Having our identity in Christ also means that our sin is no longer our identity - Christ’s righteousness is placed on us. As the apostle Paul explains, “I have been crucified with Christ. It is no longer I who live, but Christ who lives in me. And the life I now live in the flesh I live by faith in the Son of God, who loved me and gave himself for me” (Galatians 2:20). Our old self that was dead in sin died in the death of Christ, so we have been given a new self that is alive in the resurrection of Christ. This was hard for me to grasp at first because I still sin - it can’t be denied. However, this is not who I am anymore. When I sin, which is quite frequently, it is an act that does not align with who I am because who I am is now in Christ; in a sense, sinning is “not acting like my true self.” Righteousness, however, aligns more with who we are meant to be.
It is important to note here that there are no “3 simple steps to stop sinning” or “3 easy ways to be like Jesus.” Having an identity in Christ is frequently learning how to die to ourselves, usually because of battling temptation, but most importantly - it is relying on the Holy Spirit, to work on your heart. Without His help, without the strength He supplies, our efforts to be like Christ will be self-glorifying rather than God glorifying, and our efforts will all be in vain. As Jesus says, “I am the vine; you are the branches.
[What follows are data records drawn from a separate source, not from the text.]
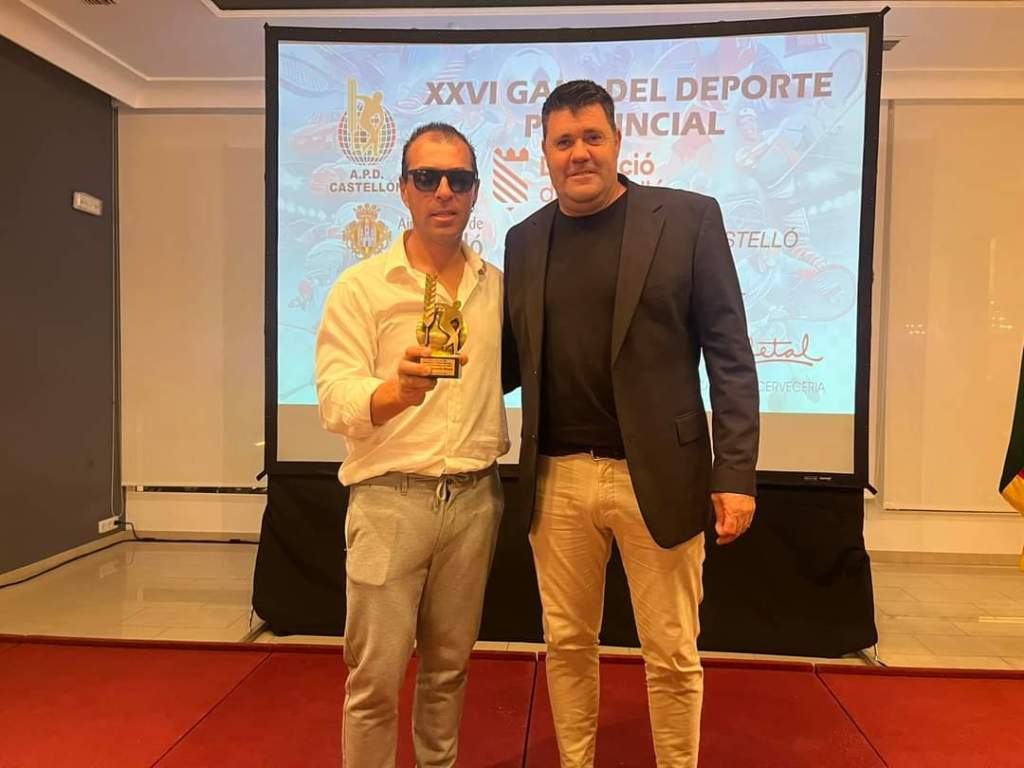 «Desde la Diputación de Castellón apoyamos el deporte, creemos en el deporte y nos sentimos orgullosos de nuestros deportistas, un sentimiento que preside en esta gala». Así de contundente se mostró el diputado de Deportes, Iván Sánchez, en la clausura de la XXVII Gala Provincial del Deportes que organiza la Asociación Provincial de Prensa Deportiva y en la que se distinguió al ‘pilotari’ Diego López, conocido en el mundo de la pelota valenciana como Diego d’Onda, como mejor deportista absoluto del 2023 tras su gran actuación en el Mundial y por su gran temporada en la que ha cosechado numerosos éxitos. El diputado de Deportes y la presidenta de la APDCS, Yolanda Peris, fueron los encargados de entregar la distinción al joven ‘pilotari’ ondense.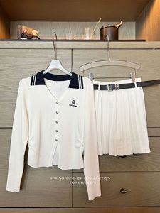 【クリアランス返品交換不可】春の小さなVラペル刺繍レターセーター+細プリーツスカート女性用ファッションスーツ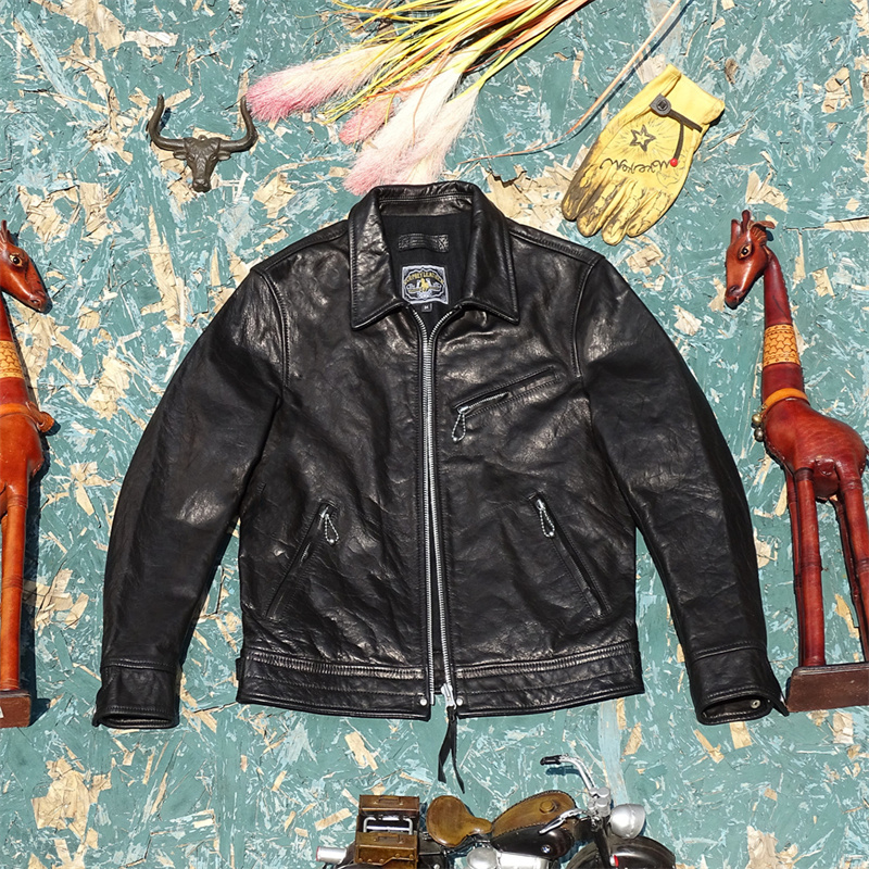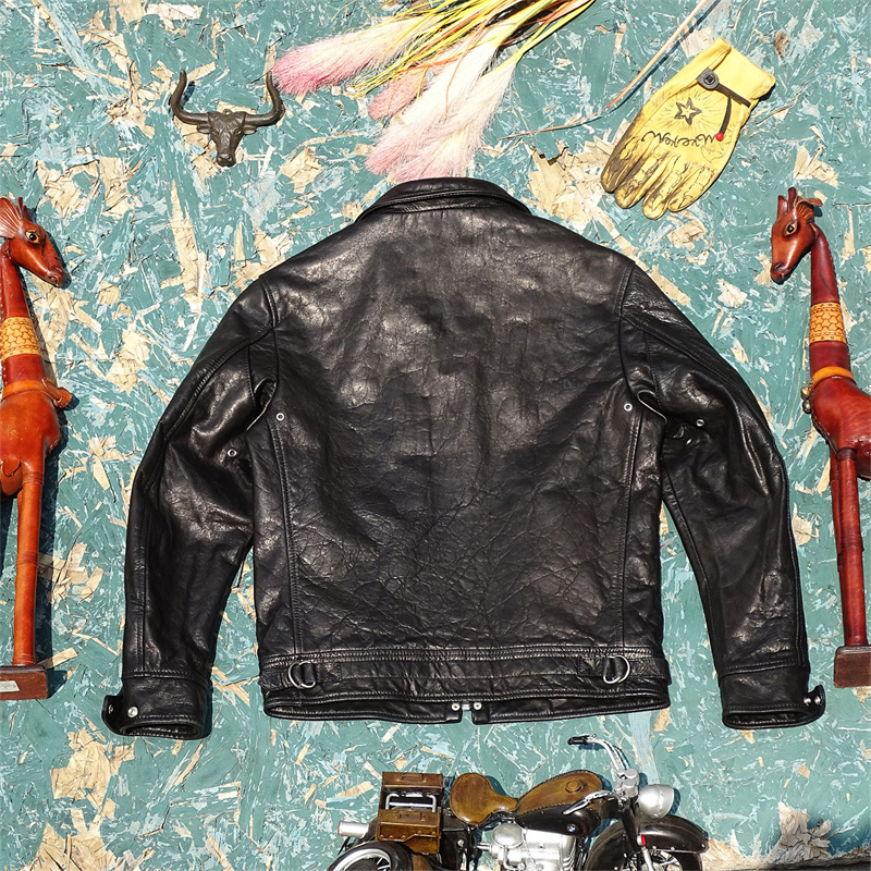 日本水波纹头层油蜡马皮真皮皮衣男穆赫兰道翻领款修身显瘦夹克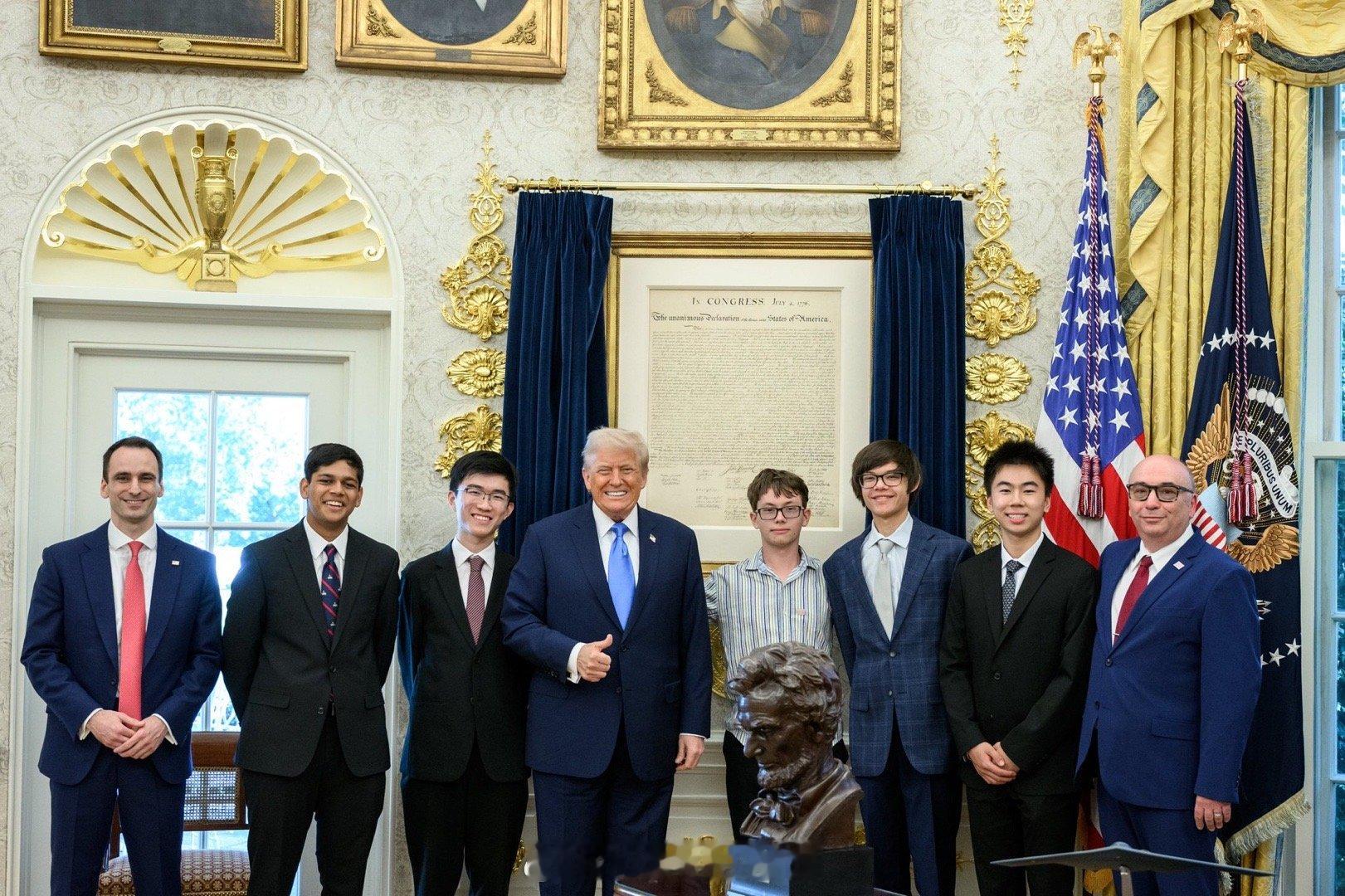 川普今天在白宫接见美国物理奥林匹克世界冠军团队。在今年7月的国际物理奥林匹克竞赛

Whoever abides in me and I in him, he it is that bears much fruit, for apart from me you can do nothing” (John 15:5).
So How Can We Be Ourselves?
The answer to being ourselves is by putting our identity in Christ, not the world, not in our emotions, and not in what other people tell us. Putting our identity in Christ influences every aspect of our lives - what we desire, how we think, how we talk, how we act, what we love and what we hate - because it is who we are. Contrary to what the world says, putting our identity in Christ does not make us into robots, and it does not take away our value or uniqueness. Only when we put our identity in Christ, remembering that He is our freedom and righteousness, can we become who God made us to be - freed from our distorted hearts and reconciled to God. While no longer enslaved to sin, we will still have times of battling our flesh as we try to be like Christ. But in eternity with Him, we will no longer wonder what it will be like to be completely ourselves, because we will finally be made perfect, and we will be like Jesus, our perfect Representative, for we shall see Him as He is (1 John 3:2).